Jakarta, Rakyat News – Omnibus Law dalam pandangan hukum hanya dipakai dalam negara commonlaw bukan civil law, jadi tumpang tindih dalam pokok UU dan Omnibus Law akan terjadi/inkonsistensi UU, contoh pasal 33 ayat (3) dalam UUD tidak singkron dengan Permen SDM, maupun UU minerba sekakalipun, apalagi dimuat dalam Omnibus Law dalam satu payung hukum.

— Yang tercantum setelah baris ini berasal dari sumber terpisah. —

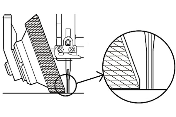 Pour d'excellents résultats de couture, placez le rouleau et l'aiguille l'un près de l'autre. Outre le rôle de maintien du tissu, cela a pour effet de maintenir la longueur du point aussi uniforme que possible.

Demikian dikemukakan Muldiansyah kepada Redaksi di Jakarta saat dimintai komentarnya terkait Omnibus Law seraya menambahkan, memang benar Omnibus Law dapat mengatur sinkronisasi regulasi yang ada tetapi itu hanya berefek kepada kepentingan pemerinta agar segala adminstrasi ataupun legal standing daripada kebijakan dapat berjalan lancar tampa ada penolakan dari masyarakat atau OKP sekali pun,”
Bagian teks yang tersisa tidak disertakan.